If we move the stack to the beginning of the RAM, then the stack limit will always be the same - 0x20000000. And we can just put a breakpoint on the entry in this cell. You can do this with a command and even register it in autorun using a .ini file:

 // breakpoint on stackoverflow BS Write 0x20000000, 1 

But this is not a very reliable way. This breakpoint will be triggered every time the stack is initialized. It is easy to accidentally beat it by clicking "Kill all breakpoints". And he will protect you only in the presence of a debugger. No good.

Dynamic overflow protection


A quick search on this account led me to Keil's "--protect_stack" and "--protect_stack_all" options. Options that are useful, unfortunately, they do not protect from overflowing the entire stack, but from getting another function into the stack frame. For example, if your code goes beyond the bounds of an array or fails with a variable number of parameters. Gcc, of course, also knows how to (-fstack-protector).

The essence of this option is as follows: “guard variable”, that is, a guard number, is added to each stack frame. If this number has changed after exiting the function, the error handler function is called. Details here .

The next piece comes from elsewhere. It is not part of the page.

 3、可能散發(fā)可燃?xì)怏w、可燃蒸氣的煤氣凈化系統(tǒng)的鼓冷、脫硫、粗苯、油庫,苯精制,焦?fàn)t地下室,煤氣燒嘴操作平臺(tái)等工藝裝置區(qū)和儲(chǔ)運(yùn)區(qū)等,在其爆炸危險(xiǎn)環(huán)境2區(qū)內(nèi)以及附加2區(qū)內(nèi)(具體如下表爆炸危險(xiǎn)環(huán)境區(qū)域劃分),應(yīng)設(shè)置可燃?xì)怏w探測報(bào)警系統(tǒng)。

Useful thing, but not quite what I need. I need a much simpler check - so that when entering each function, the value of the SP register (Stack Pointer) is reconciled with the previously known minimum value. But do not write this test hands on entering each function?

SP Dynamic Control


Fortunately, gcc has a wonderful "-finstrument-functions" option that allows you to call a user-defined function when entering each function and when exiting each function. This is usually used to display debug information, but what's the difference?

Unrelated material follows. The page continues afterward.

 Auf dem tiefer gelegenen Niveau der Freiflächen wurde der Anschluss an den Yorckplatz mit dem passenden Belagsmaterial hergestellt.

Even more fortunately, Keil quite consciously copies the gcc functionality, and there the same option is available under the name "--gnu_instrument" ( details ).

After that, you just need to write this code:

Spoiler
 //   ,    //   ,         scatter- extern unsigned int Image$$REGION_STACK$$RW$$Base; //    ,   static const uint32_t stack_lower_address = (uint32_t) &( Image$$REGION_STACK$$RW$$Base ); //         extern "C" __attribute__((no_instrument_function)) void __cyg_profile_func_enter( void * current_func, void * callsite ) { (void)current_func; (void)callsite; ASSERT( __current_sp() >= stack_lower_address ); } //   -   extern "C" __attribute__((no_instrument_function)) void __cyg_profile_func_exit( void * current_func, void * callsite ) { (void)current_func; (void)callsite; } 


And voila! Now, upon entering each function (including interrupt handlers), a stack overflow check will be performed. And if the stack overflows - will be assert.

Small explanations:
  • Yes, of course, you need to check for overflow with a certain margin, otherwise there is a risk of “jumping over” the beginning of the stack.
  • Image $$ REGION_STACK $$ RW $$ Base is the special magic of getting information about the memory area using the constants generated by the linker. Details (although not very intelligible in places) here .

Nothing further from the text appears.